● **EXERCISE AIM**
Return the listing below exactly, with the pictures dropped.

● **COLLECTED MATERIAL**
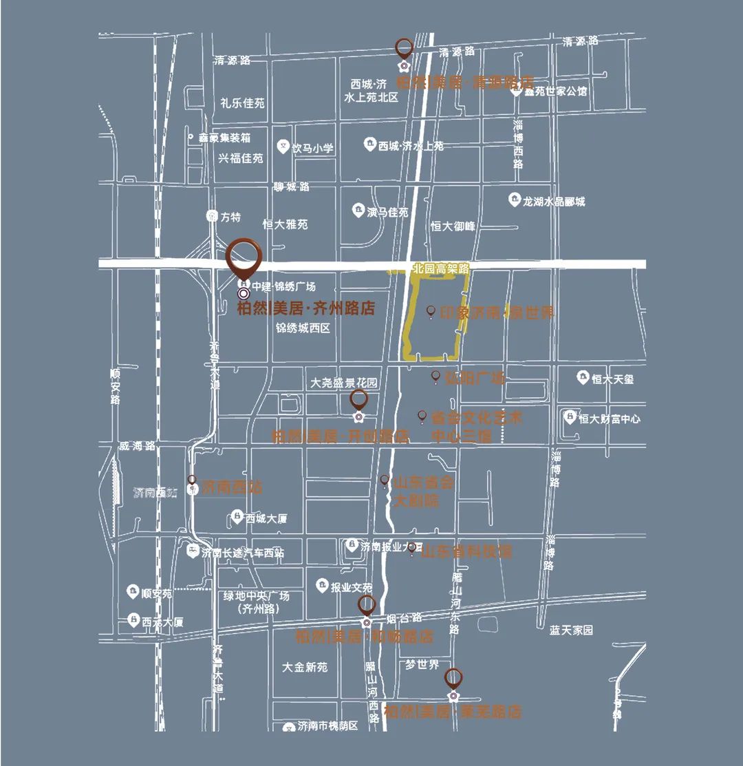 柏然美居(齊州路店)擁有完善的配套服務設施,中建幸福Mall商場近在咫尺,項目緊鄰地鐵1號線方特站出口,距離印象濟南、弘陽廣場、山東省科技館約1.5公里,距離濟南西站約1公里,周邊生活、交通配套齊全。
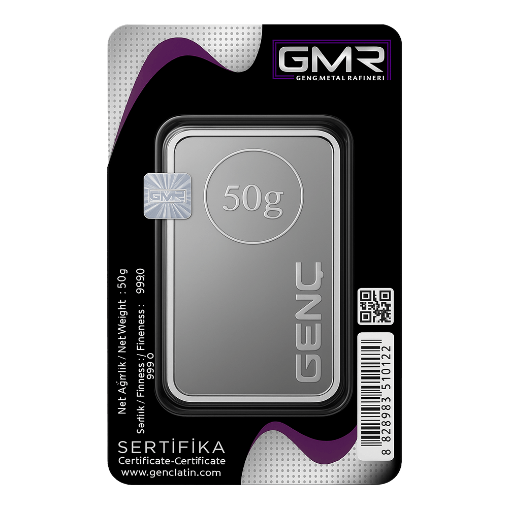 شمش نقره 50 گرمی جی ام آر ترکیه (GMR) با عیار 999.0
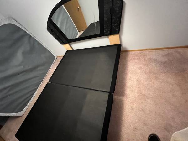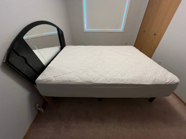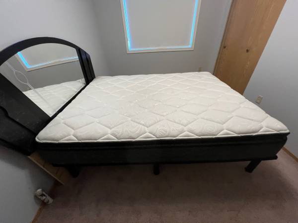 1 Queen size bed set for sale in Chilliwack BC. Mattresses like new, new bed platform, wooden headboard, water poof mattress protection, fitted sheet, adjustable bed feet
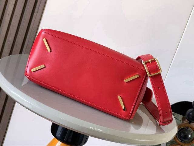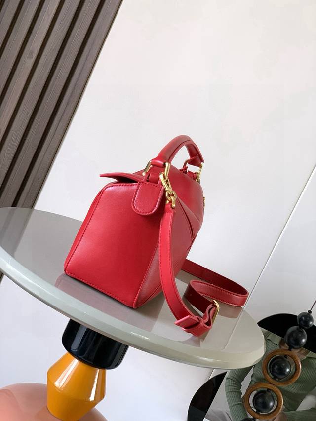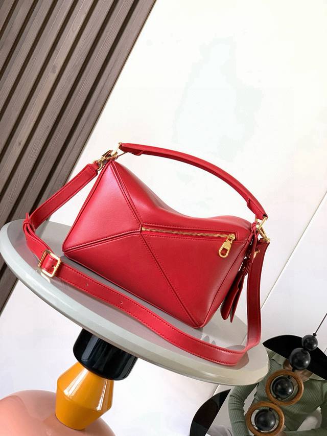 Original Leather Featherlight Puzzle Handbag, New Version Geometric Bag in Small Nappa Calfskin. Made from original imported Nappa calfskin, this bag features a unique geometric design with a rectangular shape. The soft, lightweight Nappa leather gives the bag a relaxed and effortless style. *Can be worn on the shoulder, crossbody, or carried by hand.* Detachable and adjustable shoulder strap with a rotating clasp.* Zipper closure with hinged zipper pull.* One external zippered back pocket and one internal slip pocket.* Detachable, featuring a hidden pocket and balloon dice.* Rectangular metal feet.* This smaller version is made from soft Nappa calfskin.* The small Puzzle can hold, for example, a large wallet, all sizes of mobile phones, and sunglasses. Can be carried crossbody, shoulder, by hand, or with the top handle.* Detachable.* Color: Dark Red.* Style Number: 9096.* Size: 24cm

● **FINISHED EXERCISE**
 柏然美居(齊州路店)擁有完善的配套服務設施,中建幸福Mall商場近在咫尺,項目緊鄰地鐵1號線方特站出口,距離印象濟南、弘陽廣場、山東省科技館約1.5公里,距離濟南西站約1公里,周邊生活、交通配套齊全。
 شمش نقره 50 گرمی جی ام آر ترکیه (GMR) با عیار 999.0
 1 Queen size bed set for sale in Chilliwack BC. Mattresses like new, new bed platform, wooden headboard, water poof mattress protection, fitted sheet, adjustable bed feet
 Original Leather Featherlight Puzzle Handbag, New Version Geometric Bag in Small Nappa Calfskin. Made from original imported Nappa calfskin, this bag features a unique geometric design with a rectangular shape. The soft, lightweight Nappa leather gives the bag a relaxed and effortless style. *Can be worn on the shoulder, crossbody, or carried by hand.* Detachable and adjustable shoulder strap with a rotating clasp.* Zipper closure with hinged zipper pull.* One external zippered back pocket and one internal slip pocket.* Detachable, featuring a hidden pocket and balloon dice.* Rectangular metal feet.* This smaller version is made from soft Nappa calfskin.* The small Puzzle can hold, for example, a large wallet, all sizes of mobile phones, and sunglasses. Can be carried crossbody, shoulder, by hand, or with the top handle.* Detachable.* Color: Dark Red.* Style Number: 9096.* Size: 24cm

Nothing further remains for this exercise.